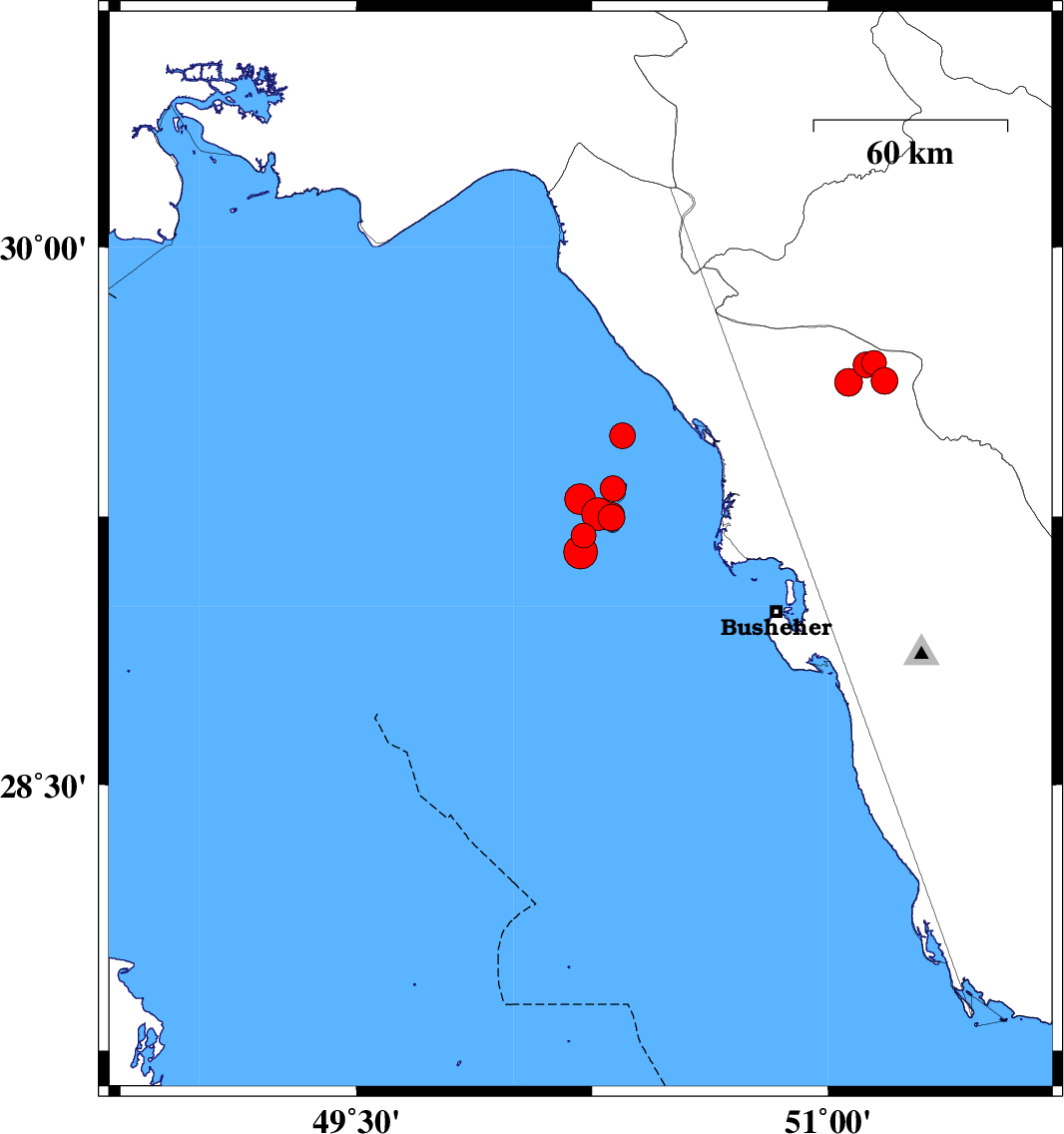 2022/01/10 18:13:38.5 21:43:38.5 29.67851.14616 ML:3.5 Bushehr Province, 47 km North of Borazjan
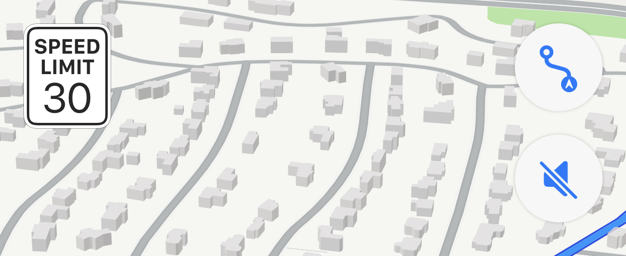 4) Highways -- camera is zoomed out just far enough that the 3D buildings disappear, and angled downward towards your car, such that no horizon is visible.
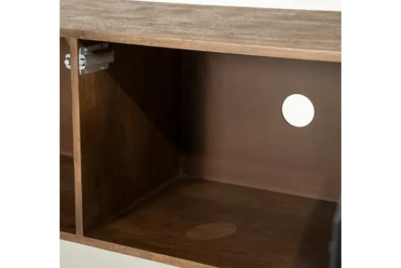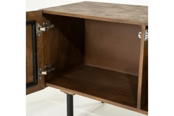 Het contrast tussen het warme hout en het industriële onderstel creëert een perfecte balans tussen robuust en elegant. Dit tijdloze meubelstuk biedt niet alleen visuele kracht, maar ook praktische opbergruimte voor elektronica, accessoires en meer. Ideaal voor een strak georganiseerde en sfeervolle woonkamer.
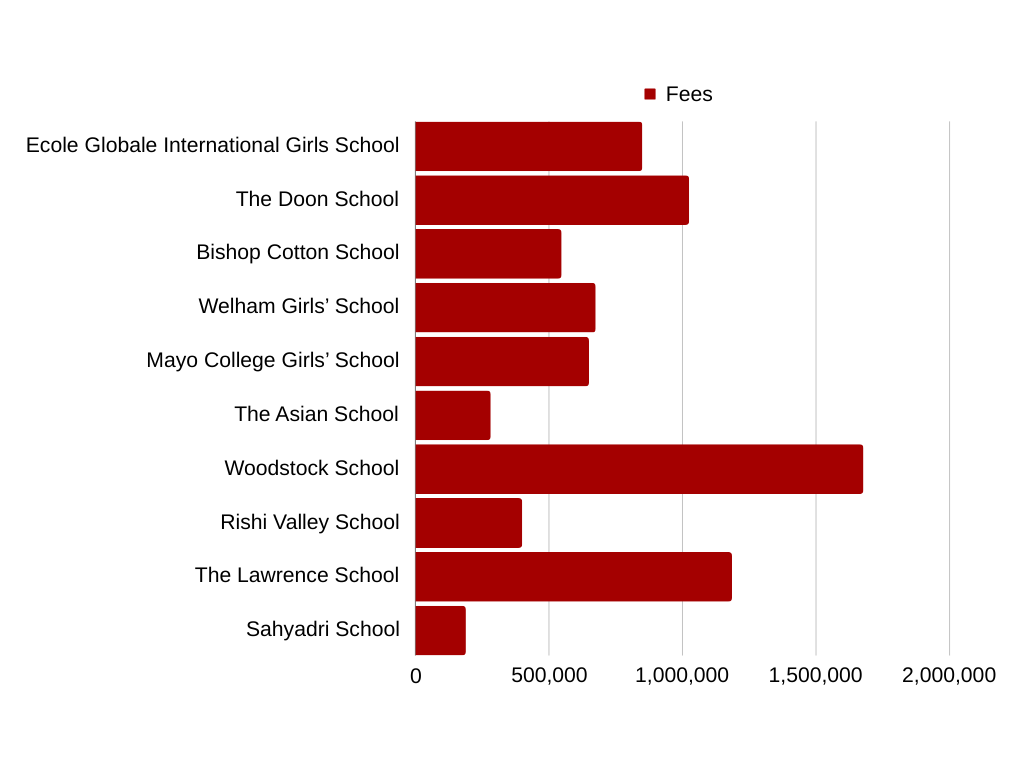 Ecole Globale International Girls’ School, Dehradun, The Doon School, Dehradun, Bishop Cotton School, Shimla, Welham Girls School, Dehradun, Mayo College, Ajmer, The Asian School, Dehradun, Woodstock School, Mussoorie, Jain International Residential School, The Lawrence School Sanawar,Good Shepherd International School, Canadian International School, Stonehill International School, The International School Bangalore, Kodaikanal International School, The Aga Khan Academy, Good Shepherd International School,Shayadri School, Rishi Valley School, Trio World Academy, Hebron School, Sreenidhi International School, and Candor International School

============

__HOW TO COMPLETE THIS TASK__.
Repeat the listing in full and exactly. Do not include any images.

__EXERCISE RESULT__.
 2022/01/10 18:13:38.5 21:43:38.5 29.67851.14616 ML:3.5 Bushehr Province, 47 km North of Borazjan
 4) Highways -- camera is zoomed out just far enough that the 3D buildings disappear, and angled downward towards your car, such that no horizon is visible.
 Het contrast tussen het warme hout en het industriële onderstel creëert een perfecte balans tussen robuust en elegant. Dit tijdloze meubelstuk biedt niet alleen visuele kracht, maar ook praktische opbergruimte voor elektronica, accessoires en meer. Ideaal voor een strak georganiseerde en sfeervolle woonkamer.
 Ecole Globale International Girls’ School, Dehradun, The Doon School, Dehradun, Bishop Cotton School, Shimla, Welham Girls School, Dehradun, Mayo College, Ajmer, The Asian School, Dehradun, Woodstock School, Mussoorie, Jain International Residential School, The Lawrence School Sanawar,Good Shepherd International School, Canadian International School, Stonehill International School, The International School Bangalore, Kodaikanal International School, The Aga Khan Academy, Good Shepherd International School,Shayadri School, Rishi Valley School, Trio World Academy, Hebron School, Sreenidhi International School, and Candor International School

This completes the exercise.